* _Exercise_
Taking the line with "Prov. | Comu. |" as the first and the line with "احجز أي قاعة" as the last, set down exactly every line in that range from the entries below, and no more.

* _Exercise material_

###

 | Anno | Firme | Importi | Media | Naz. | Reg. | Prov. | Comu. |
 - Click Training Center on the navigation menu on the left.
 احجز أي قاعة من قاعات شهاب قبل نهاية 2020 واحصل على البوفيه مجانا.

###

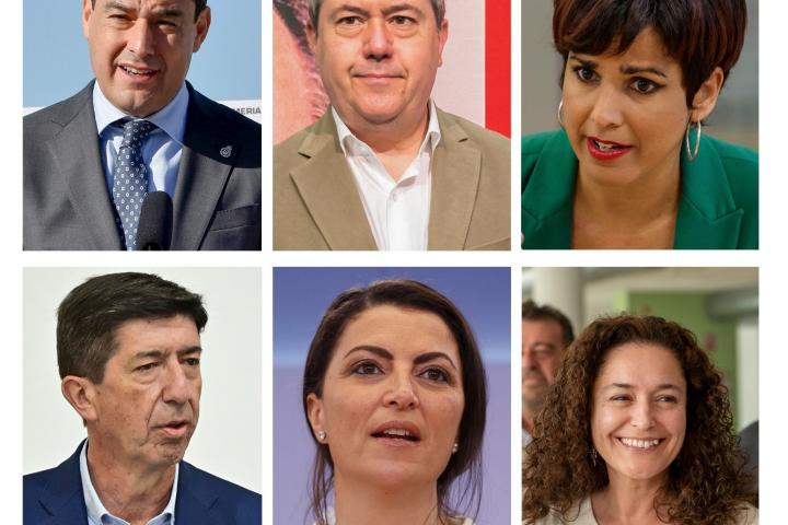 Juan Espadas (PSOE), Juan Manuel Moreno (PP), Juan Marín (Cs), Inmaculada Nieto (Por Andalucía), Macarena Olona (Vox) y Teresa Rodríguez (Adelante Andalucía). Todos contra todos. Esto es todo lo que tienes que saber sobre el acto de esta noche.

###

* _Solved problem_
 | Anno | Firme | Importi | Media | Naz. | Reg. | Prov. | Comu. |
 - Click Training Center on the navigation menu on the left.
 احجز أي قاعة من قاعات شهاب قبل نهاية 2020 واحصل على البوفيه مجانا.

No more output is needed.